Five more shots I expended on the amusement of that rhinoceros;
and at the last had run furiously charging back and forth in a
twenty-yard space, very angry at the little puffing, screeching
bullets, but quite unable to catch one. Then he made up his mind
and departed the way he had come, finally disappearing as a
little rapidly moving black speck through the gap in the hills
where we had first caught sight of him.

We finished caring for the oryx, and returned to camp. To our
surprise we found we were at least seven or eight miles out.

In this fashion days passed very quickly. The early dewy start in
the cool of the morning, the gradual grateful warming up of
sunrise, and immediately after, the rest during the midday heats
under a shady tree, the long trek back to camp at sunset, the hot
bath after the toilsome day-all these were very pleasant. Then
the swift falling night, and the gleam of many tiny fires
springing up out of the darkness; with each its sticks full of
meat roasting, and its little circle of men, their skins gleaming
in the light. As we sat smoking, we would become aware that
M'ganga, the headman, was standing silent awaiting orders. Some
one would happen to see the white of his eyes, or perhaps he
might smile so that his teeth would become visible. Otherwise he
might stand there an hour, and no one the wiser, for he was
respectfully silent, and exactly the colour of the night.

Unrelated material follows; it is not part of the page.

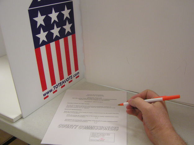 Special Election ballot on the question of how many commissioners should there be, 3 or 5? Photo by Bob Rule, KPIN 101.1 FM Radio. |

We would indicate to him our plans for the morrow, and he would
disappear. Then at a distance of twenty or thirty feet from the
front of our tents a tiny tongue of flame would lick up. Dark
figures could be seen manipulating wood. A blazing fire sprang
up, against which we could see the motionless and picturesque
figure of Saa-sita (Six o'Clock), the askari of the first night
watch, leaning on his musket. He was a most picturesque figure,
for his fancy ran to original headdresses, and at the moment he
affected a wonderful upstanding structure made of marabout wings.

At this sign that the night had begun, we turned in. A few hyenas
moaned, a few jackals barked: otherwise the first part of the
night was silent, for the hunters were at their silent business,
and the hunted were "layin' low and sayin' nuffin'."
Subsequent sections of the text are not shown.